Theorem A simple matroid \(M\) of rank 3 is a paving matroid.
Proof (trivial) Since \(M\) is simple no circuit has size 1 or 2. Therefore every circuit has size 3 or greater. By the previous theorem, \(M\) is paving. \(\square\)
Given a set of proposed hyperplanes for a matroid of rank 3, we finally have an efficient way to check the hyperplane axioms, by checking the \(d\)-partition block axioms instead.For the hyperplane simplification in item 1, the number of hyperplanes is preserved, but all loops are removed, and every generator except one from each multiple group are removed.
To summarize, let \(E\) be a finite set of floating point 3D vectors, with no vector equal to 0 and no vector a multiple of another (with tolerances). The vectors generate a zonohedron. A collection of subsets of \(E\) is then computed, with each subset coplanar, or very close to coplanar using the tolerance parameter e2
discussed above. Each subset is the proposed set of generators of a facet of the generated zonohedron, and all facets are represented. These subsets are proposed as the hyperplanes of a matroid. We have shown that:
If \(E\) can be slightly perturbed to a set of actual real vectors \(E' \subset \mathbb{R}^3\), so that the rank of each real hyperplane is 2, and is maximal w.r.t. this property, then these hyperplanes satisfy properties (D1), (D2), and (D3).
In the software package, we use the contrapositive form:
If these proposed hyperplanes do not satisfy (D1), (D2), and (D3), then the hyperplanes do not form a valid matroid, and \(E\) cannot be slightly perturbed to satisfy the desired rank=2 property.
Even if the matroid is valid, the perturbation \(E'\) may not exist, because the matroid might not be representable over the real numbers \(\mathbb{R}\). A classical example is the Fano plane matroid on 7 points with 7 hyperplanes. It has just too many hyperplanes, see [3].
Nevertheless, we conjecture that such non-representable matroids cannot occur in practice.
Conjecture If the hyperplanes for the floating point set \(E\) are computed following the procedure in the Introduction, and the tolerance e2
(depending on \(E\)) is sufficiently small, then a perturbation \(E' \subset \mathbb{R}^3\) representing the matroid exists.
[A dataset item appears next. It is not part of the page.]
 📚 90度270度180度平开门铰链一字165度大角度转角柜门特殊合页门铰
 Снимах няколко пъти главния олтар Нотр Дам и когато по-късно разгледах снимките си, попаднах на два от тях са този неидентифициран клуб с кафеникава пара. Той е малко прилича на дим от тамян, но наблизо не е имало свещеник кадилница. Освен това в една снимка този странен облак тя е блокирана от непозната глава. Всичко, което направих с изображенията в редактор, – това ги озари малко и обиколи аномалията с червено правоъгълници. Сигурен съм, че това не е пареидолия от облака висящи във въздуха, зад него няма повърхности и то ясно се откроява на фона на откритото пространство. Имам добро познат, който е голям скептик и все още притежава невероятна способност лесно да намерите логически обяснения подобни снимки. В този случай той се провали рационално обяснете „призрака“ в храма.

This statement is theoretical in nature, since real numbers in \(\mathbb{R}\) cannot be represented exactly.
The conjecture is true in some simple cases. Before exploring this, call the hyperplanes of size 2 the trivial hyperplanes. Note that for the Fano plane matroid, all 7 hyperplanes are size 3 and non-trivial.
Suppose that all the hyperplanes are trivial, so the matroid is uniform and all the facets of the zonohedron are parallelograms. Then no perturbation is needed at all; the given vectors (with dyadic rational numbers) already represent. This is the case for 7 of the 13 classical zonohedra in classics.genlist
. And it is also the case for the generators in colorimetry.genlist[[3]]
.
Now suppose that the matroid has only 1 non-trivial hyperplane. Then there are 3 or more generators that (approximately) span a plane, and all the other generators are far from the plane. Perturb this plane to the “best fit” linear plane \(P\) to these generators where \(P \subset \mathbb{R}^3\), and then project them onto \(P\). If this perturbation accidentally creates non-trivial hyperplanes with the other generators, then just perturb the other generators to get the original matroid. An example is the matroid generated by colorimetry.genlist[[2]]
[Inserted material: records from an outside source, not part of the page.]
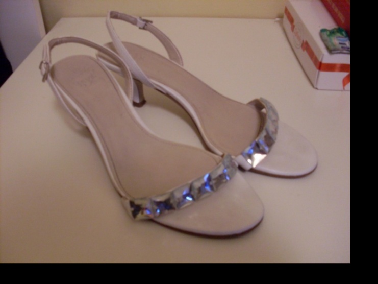 Prodám nošené bílé páskové střevíčky z Deichmanna, s kamínkovým páskem.
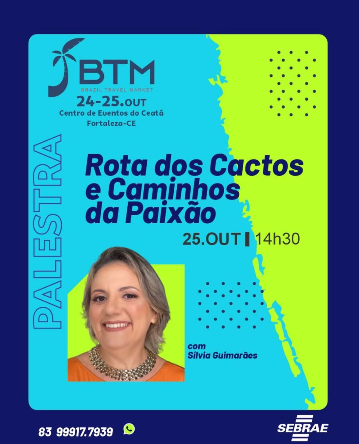 Silvia Guimarães é turismóloga, pós-graduanda em Turismo e Sustentabilidade IFCE Fortaleza. Atualmente, preside a ABBTUR Ceará . Como Consultora em Turismo coordena eventos técnicos, digitais, congressos e oficinas no setor. Atuou como Agente SEBRAE na Paraíba, onde desenvolveu projetos de governança e Empreendedorismo feminino, regionalização do turismo. Está vice-presidente da Fundação CEPEMA e lidera iniciativas sustentáveis como o Projeto Internacional do Café de Sombra. Já ministrou mais de 30 palestras, integrando temas como ecoempreendedorismo e turismo rural, governança, soluções digitais na promoção dos produtos turísticos - @silvia.gturismo
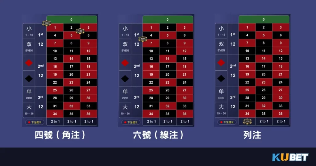 6.列注- 投注於有[2 to 1] 字樣格內,共有三個,不包括0(如1,4,7,10,13,16,19,22,25,28,31,34)。
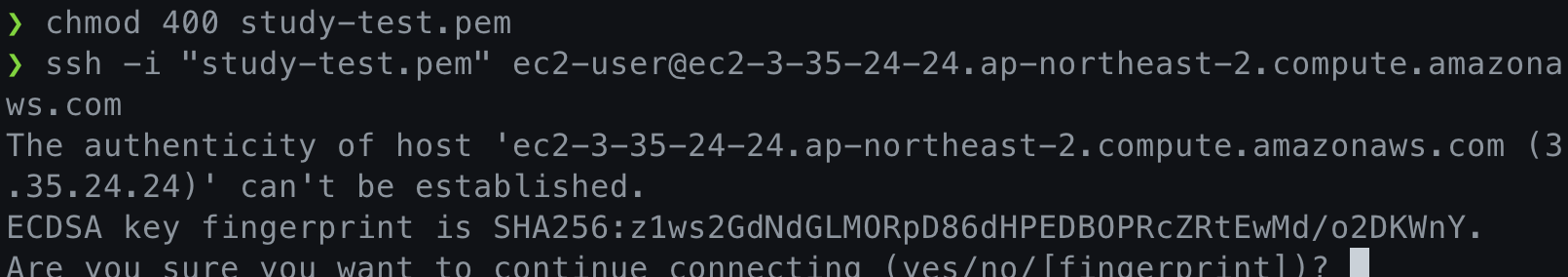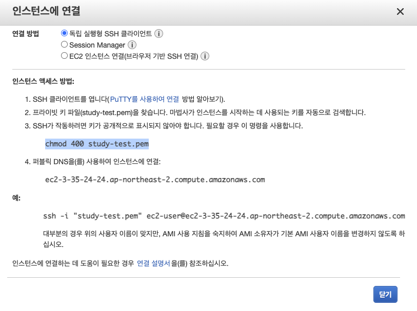 ssh -i "study-test.pem" ec2-user@ec2-3-35-24-24.ap-northeast-2.compute.amazonaws.com

, which has 1 non-trivial hyperplane with 50 generators.
Now suppose that all the non-trivial hyperplanes are disjoint. Then we can repeat the procedure in the previous paragraph for each hyperplane. Since the hyperplanes are disjoint, there is no “interaction” between them. An example is the matroid generated by colorimetry.genlist[[1]]
, which has 2 disjoint non-trivial hyperplanes with sizes 3 and 26.
Now suppose that the non-trivial hyperplanes intersect in a single generator. We can perform a “constrained best fit” perturbation for each plane \(P\), where the constraint is that that single generator is in the plane. An example is the matroid generated by classics.genlist[[5]]
, which has 2 non-trivial hyperplanes: \(\{1, 3, 4\}\) and \(\{2, 3, 5\}\). The generated zonohedron is the rhombo-hexagonal dodecahedron.
More simple cases can be listed by mixing the above, but we cannot find a general proof of the conjecture.